Background Sinusoidal obstruction syndrome (SOS) is an important non-haematological toxicity in patients who have received chemotherapy for haematopoietic stem cell transplantation (HSCT). In March 2013, European Medicines Agency refused marketing authorisation for the orphan drug defibrotide to prevent and treat SOS. In July 2013, after re-examination, defibrotide had a new positive opinion for marketing authorisation but only for treatment.

Purpose To investigate the effectiveness, safety and cost of defibrotide for SOS.

Materials and methods Retrospective observational study (Period: January 2009–September 2013). We analysed patients with SOS treated with defibrotide. Response criteria were defined as total serum bilirubin <2 mg/dl and resolution of multiple organ failure (MOF), including renal (recovery of normal creatinine value and lack of dialysis dependence), pulmonary (no oxygen dependence) and central nervous system (absence of encephalopathy) function. Evolution of the Baltimore criteria, including hepatomegaly, ascites and weight gain was measured. Secondary endpoint was survival by 100 days post-HSCT. Adverse events related to defibrotide administration were also retrieved.

Results Eleven patients (five adults (mean age: 55.7(SD = 4.3) years) and four children (3.1(SD = 1.3)) received defibrotide at a dose of 6.25 mg/kg every 6 h (two patients received 10 mg/kg/6 h). Median duration of treatment was 9 days (range: 5–25).

Overall complete response was achieved in seven patients (63.6%), all four children and only three adults. 45.5% of patients had completely recovered from hepatomegaly at the end of defibrotide administration.

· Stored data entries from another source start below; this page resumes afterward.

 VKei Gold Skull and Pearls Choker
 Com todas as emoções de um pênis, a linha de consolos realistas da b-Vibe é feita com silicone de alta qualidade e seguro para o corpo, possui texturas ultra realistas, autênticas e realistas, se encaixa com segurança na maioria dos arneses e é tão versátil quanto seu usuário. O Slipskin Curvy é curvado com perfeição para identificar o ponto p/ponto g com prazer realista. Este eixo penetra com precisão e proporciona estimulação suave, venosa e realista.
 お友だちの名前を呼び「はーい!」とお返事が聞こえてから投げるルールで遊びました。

Six of the eight patients with ascites and one patient with encephalopathy recovered their normal status. All patients reduced their weight gain after defibrotide treatment. 100 day post-HSCT survival was 72.7%.

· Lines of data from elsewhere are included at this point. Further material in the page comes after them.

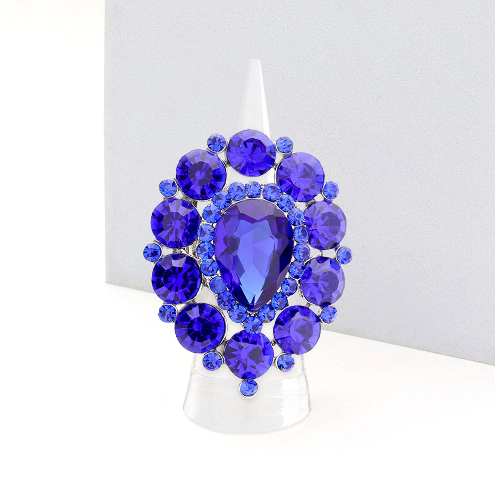 Details • Size : 1.25" X 1.75" • Stretchable • Turn heads with this oversized statement ring featuring a teardrop center stone surrounded by clustered round accents. Its bold, glamorous design adds instant sparkle to evening wear, parties, or special events, making it a must-have accessory for fashion-forward jewelry lovers.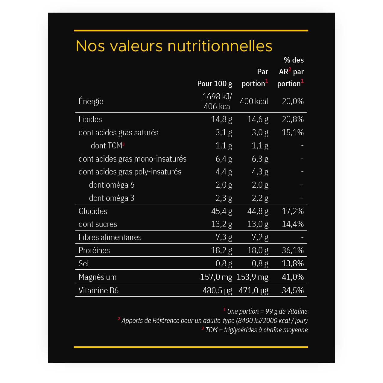 Vitaline Focus a été développée pour favoriser la concentration, stimuler les capacités cognitives et diminuer l’anxiété pendant 3h à 6h, tout en satisfaisant votre besoin alimentaire.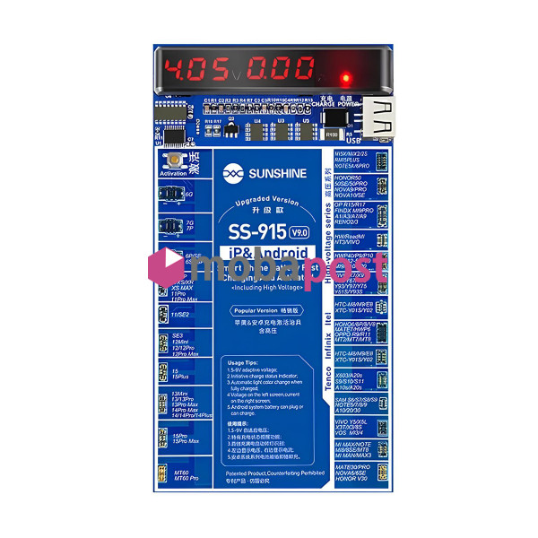 Плата активации и зарядки аккумуляторов Sunshine SS-915 V9.0 — это универсальное устройство, предназначенное для работы с аккумуляторами смартфонов iPhone (от моделей 6 до 15 Pro Max) и Android (Samsung, Huawei, Xiaomi, Oppo, Vivo и др.). Она обеспечивает быструю активацию и зарядку аккумуляторов без необходимости их установки в смартфон, что делает её незаменимым инструментом в сервисных центрах и мастерских по ремонту мобильных устройств.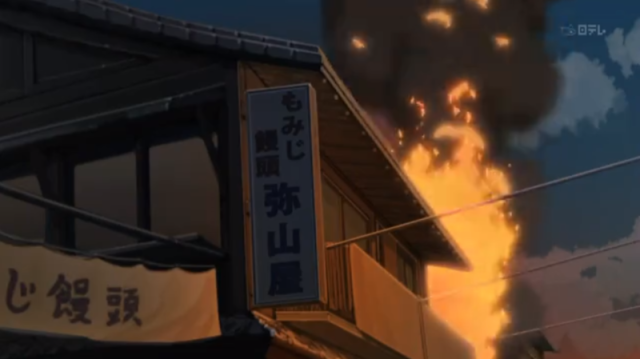 不过,既然是出现在《名侦探柯南》内的名景,那就是必须做好一定的觉悟。可以看到,这家以红叶馒头闻名的岩村もみじ屋,在这一集故事内容却是遭到烧毁的命运,这让现实中的店家也特别将「事故现场」截图下来,告诉游客「我们的店,在《名侦探柯南》这一集中烧掉了啊啊啊啊!( °Д °)」

Three patients presented haemorrhagic episodes during defibrotide treatment (two gastrointestinal episodes and one nasal bleeding). Median cost per patient was 19,180 € (range 5,480–41,100 €).

Conclusions According to our limited results, defibrotide is an effective option for SOS treatment in children, although cost per patient is high. Cost-effectiveness studies comparing treatment for SOS with and without defibrotide are needed.

No conflict of interest.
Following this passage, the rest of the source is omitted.